Institut de Biochimie Moléculaire et Cellulaire (IBBMC), Univ Paris Sud, UMR 8619, Orsay, F-91405 Orsay, France.
J Mol Biol. 2010 Nov 26;404(2):307-27. doi: 10.1016/j.jmb.2010.09.048. Epub 2010 Sep 29.
Repeat proteins have a modular organization and a regular architecture that make them attractive models for design and directed evolution experiments. HEAT repeat proteins, although very common, have not been used as a scaffold for artificial proteins, probably because they are made of long and irregular repeats. Here, we present and validate a consensus sequence for artificial HEAT repeat proteins. The sequence was defined from the structure-based sequence analysis of a thermostable HEAT-like repeat protein. Appropriate sequences were identified for the N- and C-caps. A library of genes coding for artificial proteins based on this sequence design, named αRep, was assembled using new and versatile methodology based on circular amplification. Proteins picked randomly from this library are expressed as soluble proteins. The biophysical properties of proteins with different numbers of repeats and different combinations of side chains in hypervariable positions were characterized.
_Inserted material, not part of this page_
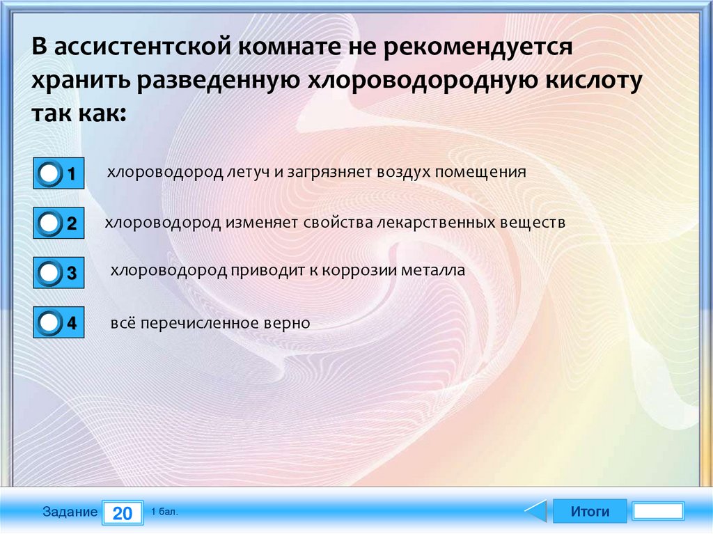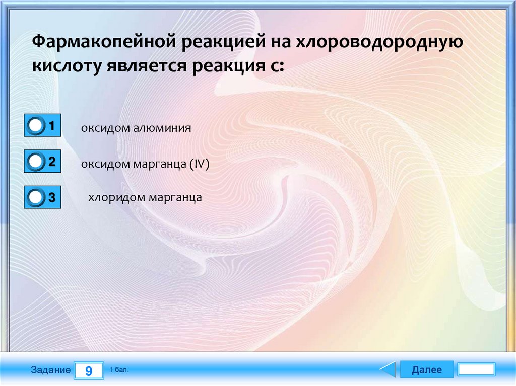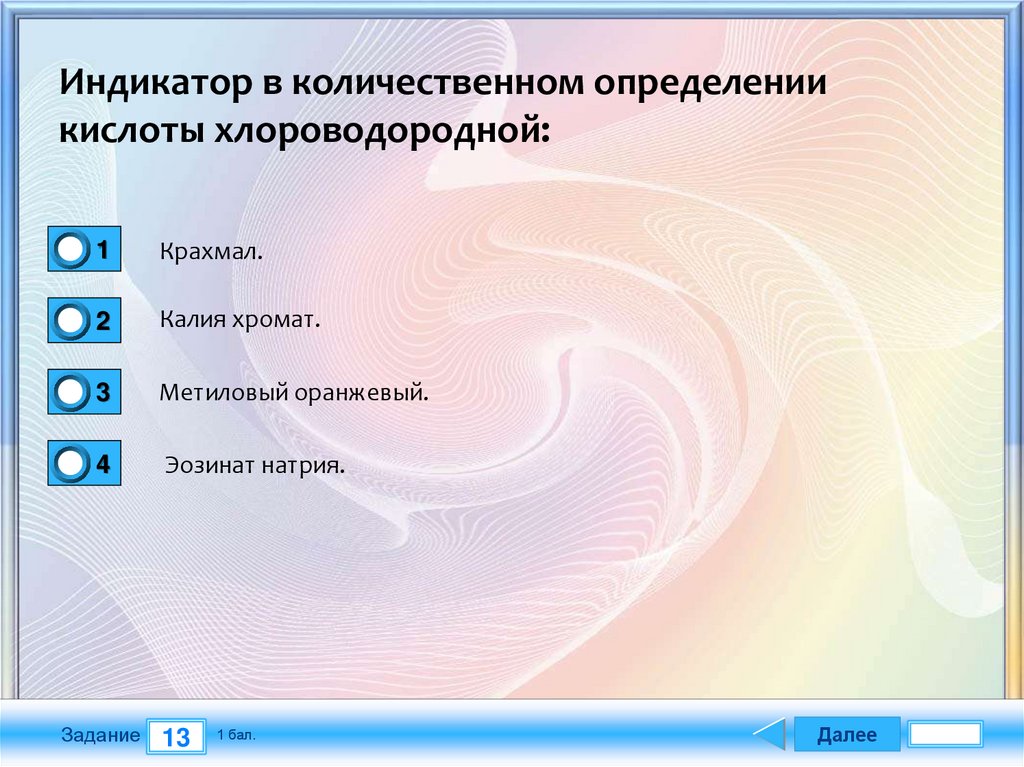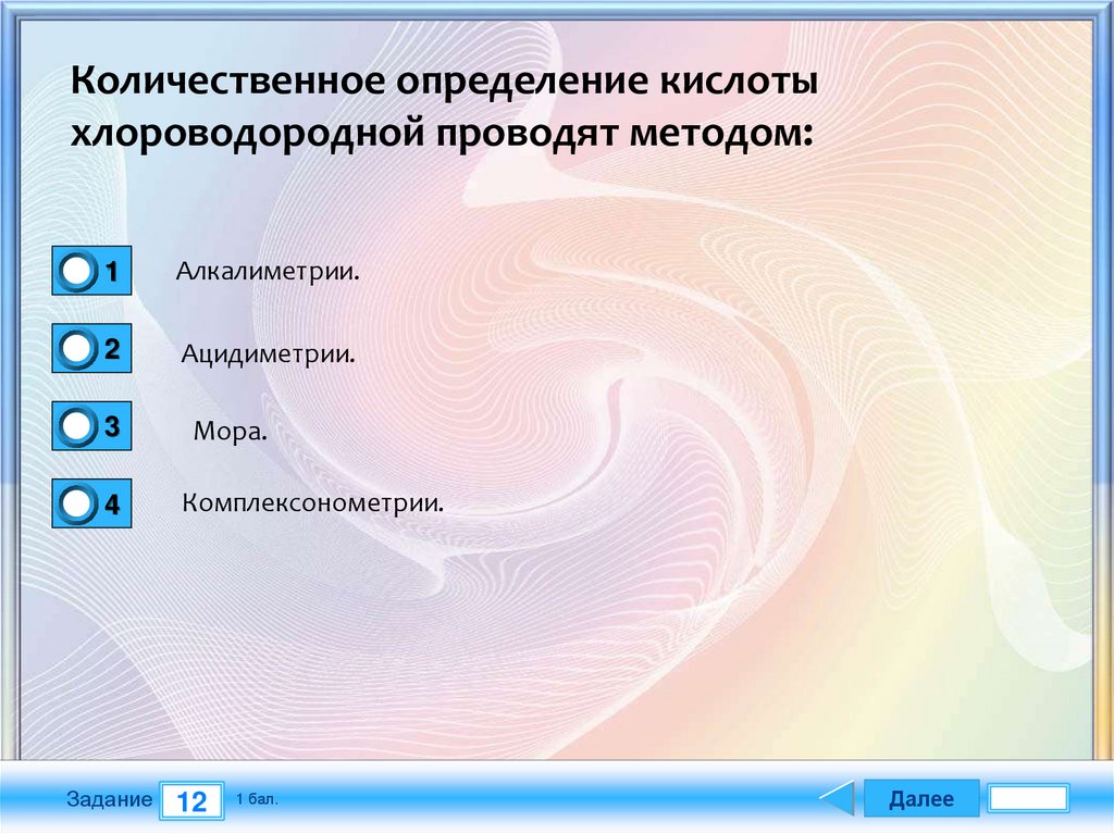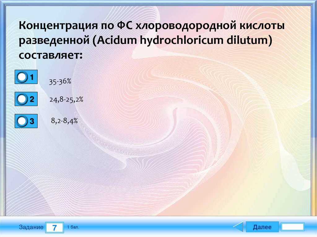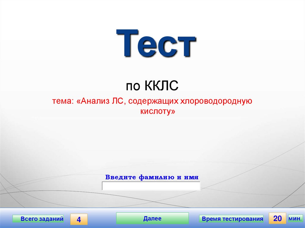 Тест по ККЛС: «Анализ ЛС, содержащих хлороводородную кислоту»

Circular dichroism and differential scanning calorimetry experiments showed that all these proteins are folded cooperatively and are very stable (T(m) >70 °C). Stability of these proteins increases with the number of repeats. Detailed gel filtration and small-angle X-ray scattering studies showed that the purified proteins form either monomers or dimers. The X-ray structure of a stable dimeric variant structure was solved. The protein is folded with a highly regular topology and the repeat structure is organized, as expected, as pairs of alpha helices. In this protein variant, the dimerization interface results directly from the variable surface enriched in aromatic residues located in the randomized positions of the repeats. The dimer was crystallized both in an apo and in a PEG-bound form, revealing a very well defined binding crevice and some structure flexibility at the interface. This fortuitous binding site could later prove to be a useful binding site for other low molecular mass partners.
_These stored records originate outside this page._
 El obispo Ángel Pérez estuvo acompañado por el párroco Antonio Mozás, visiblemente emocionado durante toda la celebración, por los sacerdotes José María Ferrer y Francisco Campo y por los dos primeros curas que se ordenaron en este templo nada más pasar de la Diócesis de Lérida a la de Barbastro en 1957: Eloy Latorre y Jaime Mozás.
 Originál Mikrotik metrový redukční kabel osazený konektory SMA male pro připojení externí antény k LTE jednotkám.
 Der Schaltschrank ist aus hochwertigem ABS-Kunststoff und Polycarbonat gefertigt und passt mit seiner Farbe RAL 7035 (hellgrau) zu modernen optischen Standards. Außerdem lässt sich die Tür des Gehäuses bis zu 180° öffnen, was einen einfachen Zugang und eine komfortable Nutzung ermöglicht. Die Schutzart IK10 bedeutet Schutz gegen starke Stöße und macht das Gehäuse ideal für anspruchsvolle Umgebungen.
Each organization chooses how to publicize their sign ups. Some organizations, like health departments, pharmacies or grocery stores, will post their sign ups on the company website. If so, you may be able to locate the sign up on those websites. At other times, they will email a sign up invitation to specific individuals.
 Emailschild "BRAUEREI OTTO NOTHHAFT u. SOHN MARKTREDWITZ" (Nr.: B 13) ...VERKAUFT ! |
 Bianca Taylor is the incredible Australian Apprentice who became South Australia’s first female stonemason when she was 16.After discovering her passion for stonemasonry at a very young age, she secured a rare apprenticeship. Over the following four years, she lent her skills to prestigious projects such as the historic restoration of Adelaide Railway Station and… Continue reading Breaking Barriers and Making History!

重复蛋白具有模块化的结构和规则的架构,这使得它们成为设计和定向进化实验的理想模型。尽管 HEAT 重复蛋白非常常见,但它们尚未被用作人工蛋白的支架,可能是因为它们由长而不规则的重复组成。在这里,我们提出并验证了人工 HEAT 重复蛋白的一致序列。该序列是根据耐热型 HEAT 样重复蛋白的基于结构的序列分析定义的。适用于 N-和 C-帽的序列被识别。使用基于循环扩增的新的多功能方法,组装了一个基于该序列设计的编码人工蛋白的基因文库,命名为αRep。从该文库中随机挑选的蛋白质作为可溶性蛋白质表达。对具有不同重复数和超变位置侧链不同组合的蛋白质的生物物理性质进行了表征。圆二色性和差示扫描量热法实验表明,所有这些蛋白质都是协同折叠的,非常稳定(Tm>70°C)。这些蛋白质的稳定性随重复数的增加而增加。详细的凝胶过滤和小角 X 射线散射研究表明,纯化的蛋白质形成单体或二聚体。稳定二聚变体结构的 X 射线结构已被解决。该蛋白具有高度规则的拓扑结构,重复结构如预期的那样组织成双螺旋结构。在该蛋白变体中,二聚化界面直接来自富含芳香族残基的可变表面,这些残基位于重复的随机位置。该二聚体以无配体和 PEG 结合两种形式结晶,揭示了非常明确的结合裂缝和界面处的一些结构灵活性。这个偶然的结合位点以后可能会成为其他低分子量配体的有用结合位点。